### ABOUT THIS EXERCISE
Having read the records, set them all down exactly as they appear.

### DATASET EXCERPTS
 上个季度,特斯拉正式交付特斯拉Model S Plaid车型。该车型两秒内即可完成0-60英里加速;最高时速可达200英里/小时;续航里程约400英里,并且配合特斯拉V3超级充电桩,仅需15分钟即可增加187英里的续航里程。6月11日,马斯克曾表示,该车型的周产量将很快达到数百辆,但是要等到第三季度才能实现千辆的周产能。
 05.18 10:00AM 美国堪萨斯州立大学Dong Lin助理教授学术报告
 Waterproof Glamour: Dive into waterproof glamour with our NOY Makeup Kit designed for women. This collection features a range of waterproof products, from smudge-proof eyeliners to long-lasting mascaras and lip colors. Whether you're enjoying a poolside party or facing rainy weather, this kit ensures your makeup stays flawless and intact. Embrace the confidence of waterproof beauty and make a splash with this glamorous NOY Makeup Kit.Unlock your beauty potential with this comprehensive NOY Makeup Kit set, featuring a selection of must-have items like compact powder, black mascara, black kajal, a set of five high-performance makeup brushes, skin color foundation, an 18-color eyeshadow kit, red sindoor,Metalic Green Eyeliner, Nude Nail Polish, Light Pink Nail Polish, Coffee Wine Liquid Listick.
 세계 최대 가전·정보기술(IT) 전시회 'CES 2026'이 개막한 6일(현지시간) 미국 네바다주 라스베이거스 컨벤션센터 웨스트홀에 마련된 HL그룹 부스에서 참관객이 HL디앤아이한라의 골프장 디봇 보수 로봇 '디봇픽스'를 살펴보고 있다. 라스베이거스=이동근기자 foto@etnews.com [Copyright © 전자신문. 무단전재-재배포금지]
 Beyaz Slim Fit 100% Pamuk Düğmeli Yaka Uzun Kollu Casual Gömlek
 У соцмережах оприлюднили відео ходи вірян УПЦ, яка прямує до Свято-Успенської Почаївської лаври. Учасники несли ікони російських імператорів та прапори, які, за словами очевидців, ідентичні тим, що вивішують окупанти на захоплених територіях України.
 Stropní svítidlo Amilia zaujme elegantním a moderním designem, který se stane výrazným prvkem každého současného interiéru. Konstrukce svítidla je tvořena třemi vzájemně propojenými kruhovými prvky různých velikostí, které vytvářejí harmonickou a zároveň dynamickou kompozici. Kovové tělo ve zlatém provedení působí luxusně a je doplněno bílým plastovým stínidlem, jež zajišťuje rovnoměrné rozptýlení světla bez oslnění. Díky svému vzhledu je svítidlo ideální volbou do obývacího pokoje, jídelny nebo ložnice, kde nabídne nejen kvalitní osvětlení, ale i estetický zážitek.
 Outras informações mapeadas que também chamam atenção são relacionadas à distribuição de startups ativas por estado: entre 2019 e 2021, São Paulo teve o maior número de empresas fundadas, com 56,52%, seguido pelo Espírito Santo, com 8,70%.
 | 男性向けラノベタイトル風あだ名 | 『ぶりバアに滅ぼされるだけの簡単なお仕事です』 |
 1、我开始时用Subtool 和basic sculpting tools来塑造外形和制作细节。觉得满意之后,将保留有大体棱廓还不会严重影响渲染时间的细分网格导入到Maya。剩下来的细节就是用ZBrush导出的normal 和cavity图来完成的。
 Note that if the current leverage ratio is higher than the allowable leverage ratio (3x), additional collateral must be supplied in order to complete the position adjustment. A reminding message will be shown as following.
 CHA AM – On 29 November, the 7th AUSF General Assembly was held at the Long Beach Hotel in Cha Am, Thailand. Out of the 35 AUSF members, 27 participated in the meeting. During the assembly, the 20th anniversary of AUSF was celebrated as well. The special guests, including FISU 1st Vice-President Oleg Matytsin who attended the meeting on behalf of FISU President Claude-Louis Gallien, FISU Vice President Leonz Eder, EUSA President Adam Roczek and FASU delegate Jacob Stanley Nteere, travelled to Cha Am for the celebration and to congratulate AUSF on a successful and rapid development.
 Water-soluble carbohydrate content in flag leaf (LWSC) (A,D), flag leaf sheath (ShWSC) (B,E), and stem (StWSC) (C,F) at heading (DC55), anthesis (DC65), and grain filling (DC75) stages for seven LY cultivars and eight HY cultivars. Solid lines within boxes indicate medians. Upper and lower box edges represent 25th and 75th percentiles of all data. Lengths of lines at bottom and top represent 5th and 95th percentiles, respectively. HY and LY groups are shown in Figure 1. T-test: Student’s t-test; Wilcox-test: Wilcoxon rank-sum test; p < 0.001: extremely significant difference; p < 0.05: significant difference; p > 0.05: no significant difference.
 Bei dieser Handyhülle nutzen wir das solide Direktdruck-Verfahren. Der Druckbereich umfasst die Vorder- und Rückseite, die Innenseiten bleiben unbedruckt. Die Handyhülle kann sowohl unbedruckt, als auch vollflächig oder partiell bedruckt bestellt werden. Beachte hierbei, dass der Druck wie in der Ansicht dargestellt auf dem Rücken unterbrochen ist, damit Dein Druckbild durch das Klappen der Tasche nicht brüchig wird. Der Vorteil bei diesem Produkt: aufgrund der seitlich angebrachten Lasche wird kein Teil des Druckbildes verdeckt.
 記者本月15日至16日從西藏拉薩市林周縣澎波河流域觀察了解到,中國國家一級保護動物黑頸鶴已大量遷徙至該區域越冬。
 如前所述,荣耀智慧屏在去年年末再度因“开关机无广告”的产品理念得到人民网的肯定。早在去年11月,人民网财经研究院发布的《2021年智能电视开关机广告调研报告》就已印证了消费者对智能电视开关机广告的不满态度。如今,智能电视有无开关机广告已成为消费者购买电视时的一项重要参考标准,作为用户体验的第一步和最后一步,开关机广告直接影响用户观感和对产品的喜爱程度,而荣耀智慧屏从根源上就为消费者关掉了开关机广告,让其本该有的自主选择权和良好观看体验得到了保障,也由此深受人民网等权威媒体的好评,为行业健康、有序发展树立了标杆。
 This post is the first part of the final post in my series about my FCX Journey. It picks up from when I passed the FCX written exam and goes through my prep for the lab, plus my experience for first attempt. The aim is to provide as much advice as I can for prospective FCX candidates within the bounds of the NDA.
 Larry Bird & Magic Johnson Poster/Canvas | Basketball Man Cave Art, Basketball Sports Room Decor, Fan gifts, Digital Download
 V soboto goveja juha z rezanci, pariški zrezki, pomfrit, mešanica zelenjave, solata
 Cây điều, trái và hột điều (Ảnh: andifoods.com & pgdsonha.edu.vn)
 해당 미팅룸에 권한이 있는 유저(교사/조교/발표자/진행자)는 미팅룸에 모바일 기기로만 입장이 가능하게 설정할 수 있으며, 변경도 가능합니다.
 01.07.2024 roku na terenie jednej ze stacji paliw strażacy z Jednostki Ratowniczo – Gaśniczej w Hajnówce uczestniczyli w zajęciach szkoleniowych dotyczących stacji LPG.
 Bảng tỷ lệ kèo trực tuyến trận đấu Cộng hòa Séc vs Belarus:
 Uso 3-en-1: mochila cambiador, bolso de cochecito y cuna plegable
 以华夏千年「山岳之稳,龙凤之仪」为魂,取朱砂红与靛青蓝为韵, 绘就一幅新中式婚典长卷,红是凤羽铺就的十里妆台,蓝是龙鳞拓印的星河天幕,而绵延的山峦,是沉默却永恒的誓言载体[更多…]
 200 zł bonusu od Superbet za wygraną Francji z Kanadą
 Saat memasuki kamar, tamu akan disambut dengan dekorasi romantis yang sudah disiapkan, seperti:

### EXERCISE ANSWER
 上个季度,特斯拉正式交付特斯拉Model S Plaid车型。该车型两秒内即可完成0-60英里加速;最高时速可达200英里/小时;续航里程约400英里,并且配合特斯拉V3超级充电桩,仅需15分钟即可增加187英里的续航里程。6月11日,马斯克曾表示,该车型的周产量将很快达到数百辆,但是要等到第三季度才能实现千辆的周产能。
 05.18 10:00AM 美国堪萨斯州立大学Dong Lin助理教授学术报告
 Waterproof Glamour: Dive into waterproof glamour with our NOY Makeup Kit designed for women. This collection features a range of waterproof products, from smudge-proof eyeliners to long-lasting mascaras and lip colors. Whether you're enjoying a poolside party or facing rainy weather, this kit ensures your makeup stays flawless and intact. Embrace the confidence of waterproof beauty and make a splash with this glamorous NOY Makeup Kit.Unlock your beauty potential with this comprehensive NOY Makeup Kit set, featuring a selection of must-have items like compact powder, black mascara, black kajal, a set of five high-performance makeup brushes, skin color foundation, an 18-color eyeshadow kit, red sindoor,Metalic Green Eyeliner, Nude Nail Polish, Light Pink Nail Polish, Coffee Wine Liquid Listick.
 세계 최대 가전·정보기술(IT) 전시회 'CES 2026'이 개막한 6일(현지시간) 미국 네바다주 라스베이거스 컨벤션센터 웨스트홀에 마련된 HL그룹 부스에서 참관객이 HL디앤아이한라의 골프장 디봇 보수 로봇 '디봇픽스'를 살펴보고 있다. 라스베이거스=이동근기자 foto@etnews.com [Copyright © 전자신문. 무단전재-재배포금지]
 Beyaz Slim Fit 100% Pamuk Düğmeli Yaka Uzun Kollu Casual Gömlek
 У соцмережах оприлюднили відео ходи вірян УПЦ, яка прямує до Свято-Успенської Почаївської лаври. Учасники несли ікони російських імператорів та прапори, які, за словами очевидців, ідентичні тим, що вивішують окупанти на захоплених територіях України.
 Stropní svítidlo Amilia zaujme elegantním a moderním designem, který se stane výrazným prvkem každého současného interiéru. Konstrukce svítidla je tvořena třemi vzájemně propojenými kruhovými prvky různých velikostí, které vytvářejí harmonickou a zároveň dynamickou kompozici. Kovové tělo ve zlatém provedení působí luxusně a je doplněno bílým plastovým stínidlem, jež zajišťuje rovnoměrné rozptýlení světla bez oslnění. Díky svému vzhledu je svítidlo ideální volbou do obývacího pokoje, jídelny nebo ložnice, kde nabídne nejen kvalitní osvětlení, ale i estetický zážitek.
 Outras informações mapeadas que também chamam atenção são relacionadas à distribuição de startups ativas por estado: entre 2019 e 2021, São Paulo teve o maior número de empresas fundadas, com 56,52%, seguido pelo Espírito Santo, com 8,70%.
 | 男性向けラノベタイトル風あだ名 | 『ぶりバアに滅ぼされるだけの簡単なお仕事です』 |
 1、我开始时用Subtool 和basic sculpting tools来塑造外形和制作细节。觉得满意之后,将保留有大体棱廓还不会严重影响渲染时间的细分网格导入到Maya。剩下来的细节就是用ZBrush导出的normal 和cavity图来完成的。
 Note that if the current leverage ratio is higher than the allowable leverage ratio (3x), additional collateral must be supplied in order to complete the position adjustment. A reminding message will be shown as following.
 CHA AM – On 29 November, the 7th AUSF General Assembly was held at the Long Beach Hotel in Cha Am, Thailand. Out of the 35 AUSF members, 27 participated in the meeting. During the assembly, the 20th anniversary of AUSF was celebrated as well. The special guests, including FISU 1st Vice-President Oleg Matytsin who attended the meeting on behalf of FISU President Claude-Louis Gallien, FISU Vice President Leonz Eder, EUSA President Adam Roczek and FASU delegate Jacob Stanley Nteere, travelled to Cha Am for the celebration and to congratulate AUSF on a successful and rapid development.
 Water-soluble carbohydrate content in flag leaf (LWSC) (A,D), flag leaf sheath (ShWSC) (B,E), and stem (StWSC) (C,F) at heading (DC55), anthesis (DC65), and grain filling (DC75) stages for seven LY cultivars and eight HY cultivars. Solid lines within boxes indicate medians. Upper and lower box edges represent 25th and 75th percentiles of all data. Lengths of lines at bottom and top represent 5th and 95th percentiles, respectively. HY and LY groups are shown in Figure 1. T-test: Student’s t-test; Wilcox-test: Wilcoxon rank-sum test; p < 0.001: extremely significant difference; p < 0.05: significant difference; p > 0.05: no significant difference.
 Bei dieser Handyhülle nutzen wir das solide Direktdruck-Verfahren. Der Druckbereich umfasst die Vorder- und Rückseite, die Innenseiten bleiben unbedruckt. Die Handyhülle kann sowohl unbedruckt, als auch vollflächig oder partiell bedruckt bestellt werden. Beachte hierbei, dass der Druck wie in der Ansicht dargestellt auf dem Rücken unterbrochen ist, damit Dein Druckbild durch das Klappen der Tasche nicht brüchig wird. Der Vorteil bei diesem Produkt: aufgrund der seitlich angebrachten Lasche wird kein Teil des Druckbildes verdeckt.
 記者本月15日至16日從西藏拉薩市林周縣澎波河流域觀察了解到,中國國家一級保護動物黑頸鶴已大量遷徙至該區域越冬。
 如前所述,荣耀智慧屏在去年年末再度因“开关机无广告”的产品理念得到人民网的肯定。早在去年11月,人民网财经研究院发布的《2021年智能电视开关机广告调研报告》就已印证了消费者对智能电视开关机广告的不满态度。如今,智能电视有无开关机广告已成为消费者购买电视时的一项重要参考标准,作为用户体验的第一步和最后一步,开关机广告直接影响用户观感和对产品的喜爱程度,而荣耀智慧屏从根源上就为消费者关掉了开关机广告,让其本该有的自主选择权和良好观看体验得到了保障,也由此深受人民网等权威媒体的好评,为行业健康、有序发展树立了标杆。
 This post is the first part of the final post in my series about my FCX Journey. It picks up from when I passed the FCX written exam and goes through my prep for the lab, plus my experience for first attempt. The aim is to provide as much advice as I can for prospective FCX candidates within the bounds of the NDA.
 Larry Bird & Magic Johnson Poster/Canvas | Basketball Man Cave Art, Basketball Sports Room Decor, Fan gifts, Digital Download
 V soboto goveja juha z rezanci, pariški zrezki, pomfrit, mešanica zelenjave, solata
 Cây điều, trái và hột điều (Ảnh: andifoods.com & pgdsonha.edu.vn)
 해당 미팅룸에 권한이 있는 유저(교사/조교/발표자/진행자)는 미팅룸에 모바일 기기로만 입장이 가능하게 설정할 수 있으며, 변경도 가능합니다.
 01.07.2024 roku na terenie jednej ze stacji paliw strażacy z Jednostki Ratowniczo – Gaśniczej w Hajnówce uczestniczyli w zajęciach szkoleniowych dotyczących stacji LPG.
 Bảng tỷ lệ kèo trực tuyến trận đấu Cộng hòa Séc vs Belarus:
 Uso 3-en-1: mochila cambiador, bolso de cochecito y cuna plegable
 以华夏千年「山岳之稳,龙凤之仪」为魂,取朱砂红与靛青蓝为韵, 绘就一幅新中式婚典长卷,红是凤羽铺就的十里妆台,蓝是龙鳞拓印的星河天幕,而绵延的山峦,是沉默却永恒的誓言载体[更多…]
 200 zł bonusu od Superbet za wygraną Francji z Kanadą
 Saat memasuki kamar, tamu akan disambut dengan dekorasi romantis yang sudah disiapkan, seperti:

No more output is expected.